Mas se conseguirem ainda vislumbrar no outro um ser humano complexo e limitado, mas repleto de atrativos e possibilidades, se amem, pois há muito mais a se amar do que a se odiar. Não se odiando, poderão decidir melhor, com os nervos no lugar, se querem ou não continuar dividindo suas vidas, decepções, tristezas, surpresas e alegrias e sendo qual for a decisão, será mantido o respeito às diferenças e a dignidade de ambos.

O casal se olhou envergonhado e Vilma disse que iriam tentar reconsiderar.

Elpídio agradeceu, retirando-se e colocou-se à disposição.

Antes de saírem, Adécio chamou o homem novamente e perguntou: Pastor, em sua opinião, qual a melhor opção para o Brasil se livrar da corrupção e ser um país mais justo, a esquerda ou a direita?

O pastor suspirou e voltou a sentar-se junto aos dois. Meu tataravô me ajudou muito a refletir sobre este tema, Adécio, mas ainda hoje não tenho uma resposta definitiva. Ele era de esquerda travou a vida inteira discussões acaloradas com seu irmão capitalista durante nossos almoços de domingo. Aconteceu que ambos morreram sem que um convencesse o outro. Veio meu bisavô e a história se repetiu, morreram cada qual acreditando na verdade que mais lhe agradava. Meu avô discutiu até morrer com seu irmão sobre esse mesmo tema. Meu falecido pai também e eu vi todos morrerem, pessoas a quem muito respeitei, com opiniões totalmente diversas e em nenhuma dessas gerações ninguém convenceu ninguém.
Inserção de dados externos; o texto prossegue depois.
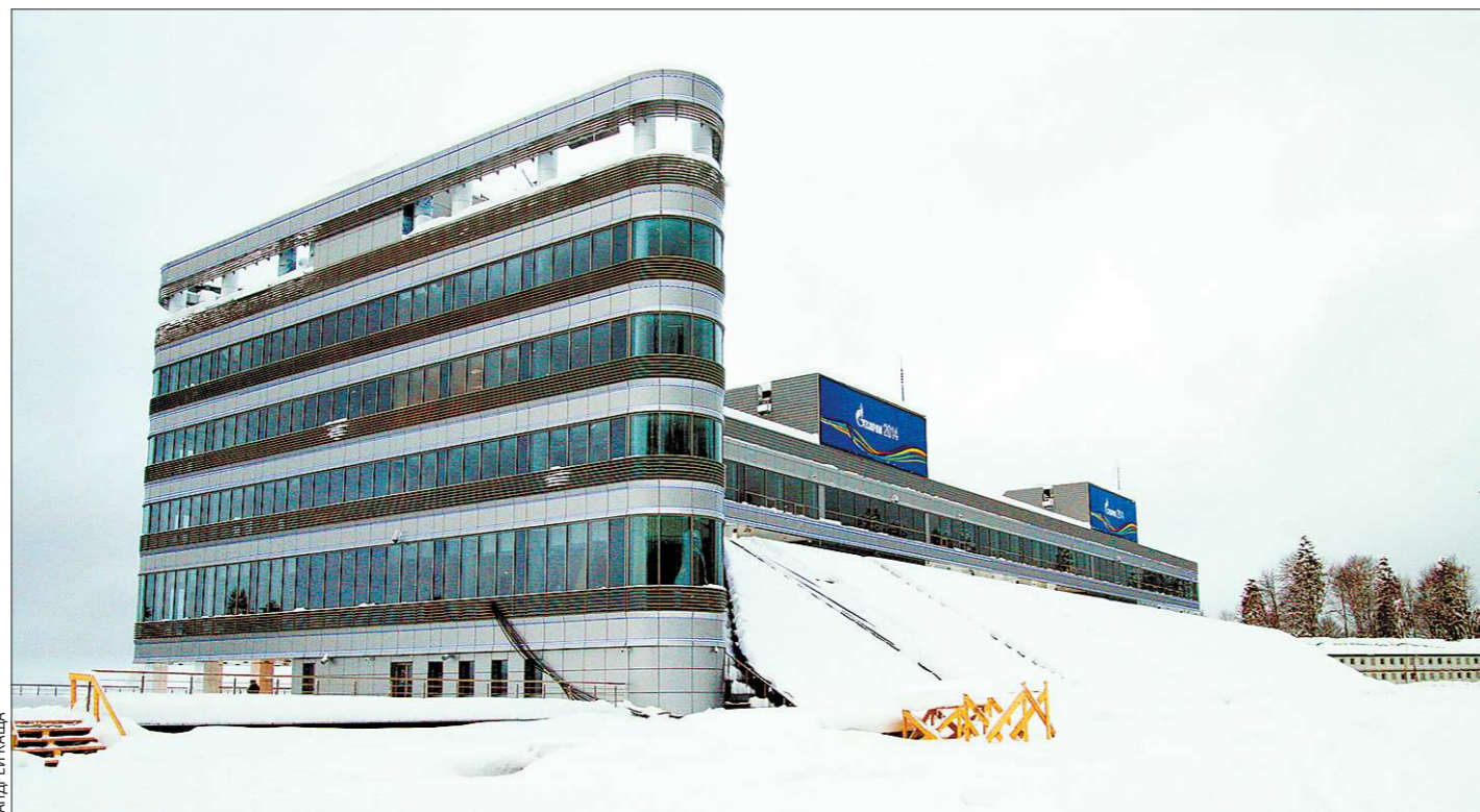
Лыже-биатлонный стадион «Лаура» в ожидании своих болельщиков

В нескольких минутах ходьбы от канатки располагается олимпийская деревня. Она будет состоять из двух частей: западной, где разместятся многоэтажные гостиницы, и восточной, отведенной под коттеджный поселок. Если на «западе» еще вовсю трудятся строители, то «востоку», состоящий из трех десятков деревянных домиков, уже при-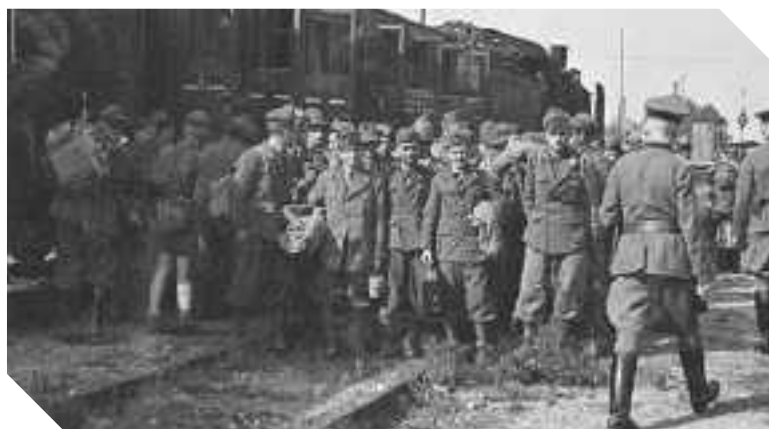
L'ARRIVO DI SOLDATI ITALIANI IN UN CAMPO DI PRIGIONIA TEDESCO

Alla fine di maggio ci è giunto l'ordine di partire per la Grecia per dare il cambio a dei nostri contingenti che non venivano avvicendati da molti mesi. Con la tradotta siamo partiti dalla stazione di Vicenza passando poi per Trieste; attraversando la Jugoslavia ho notato che moltissime stazioni erano cinte da parapetti e palizzate trincerate, per difenderle dagli attacchi delle milizie slave, che compivano ogni genere di sabotaggio. Il nostro viaggio è durato una decina di giorni ed ai primi di giugno siamo giunti ad Atene. Dopo alcuni giorni la mia unità, circa 800 effettivi, è stata trasferita sull'isola di Zante, con l'incarico di sorvegliare un tratto di costa. Per procurarci gli alloggiamenti abbiamo requisito ai contadini

Isso me fez pensar no tempo em que os homens discutiam acaloradamente, cheios de argumentos para provar se o planeta era plano ou cúbico, se era suspenso no ar por uma enorme tartaruga ou se era carregado por uma fileira de elefantes, se acabava em um precipício ou em uma cachoeira gigantesca. Foram gerações e gerações dominadas pela ilusão. Quem defendia que o planeta fosse mais para esférico era ridicularizado e muitas vezes caçado e morto.
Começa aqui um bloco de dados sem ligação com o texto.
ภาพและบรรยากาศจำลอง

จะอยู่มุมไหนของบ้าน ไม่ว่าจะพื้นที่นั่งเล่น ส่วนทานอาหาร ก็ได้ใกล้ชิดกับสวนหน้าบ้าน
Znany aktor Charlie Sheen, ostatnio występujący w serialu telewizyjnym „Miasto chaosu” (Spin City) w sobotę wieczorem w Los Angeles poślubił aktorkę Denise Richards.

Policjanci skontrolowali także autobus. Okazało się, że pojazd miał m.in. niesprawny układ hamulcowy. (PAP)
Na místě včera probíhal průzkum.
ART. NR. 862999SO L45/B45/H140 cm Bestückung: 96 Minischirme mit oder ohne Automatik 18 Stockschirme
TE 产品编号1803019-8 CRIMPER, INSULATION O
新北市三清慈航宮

Hoje cientistas políticos defendem ferrenhamente, cheios de argumentos, ambos os lados, como teólogos divergem cheios da certeza sobre a definição de Deus.

Isso faz sugerir que ambas possam estar equivocadas.

A corrupção no Brasil é patrocinada muitas vezes por forças externas, outros países, grandes conglomerados e não se pode isolar o Brasil do resto do mundo. Somos o mundo. Uma vertente que defenda o consumismo e estimule sempre a ter mais e gastar mais, além de ser um dos perpetuadores da corrupção, pois faz o ser humano crer que é mais importante o carro novo do que a vida do favelado, faz o homem se vender por dinheiro e faz os recursos do mundo escassearem de forma vertiginosa a custa do trabalho escravo de outros seres humanos não pode ser correta na minha opinião.

Por outro lado, uma doutrina que cria um estado forte e disciplinador, fecha fronteiras imaginárias num mundo onde nós somos apenas mais uma espécie que precisa de liberdade para evoluir e onde a hierarquia é essencial e tende a gerar ditadores, também não pode ser correta.

A terceira via parece ser a via da tolerância, da liberdade, da flexibilidade, do cooperativismo, da ausência de hierarquia, da presença de lideranças naturais que jamais se vendam por dinheiro, porque realmente entenderão que o que há de mais valioso da vida é a vida de cada ser humano. Talvez o primeiro passo seja aprendermos a direcionar melhor nossa indignação e sermos mais empáticos com nossos semelhantes. Está muito longe de chegarmos a este ponto e precisamos nos desapegar de velhas verdades, meu belo casal, mas já é um ponto visível no horizonte, não é mais uma utopia.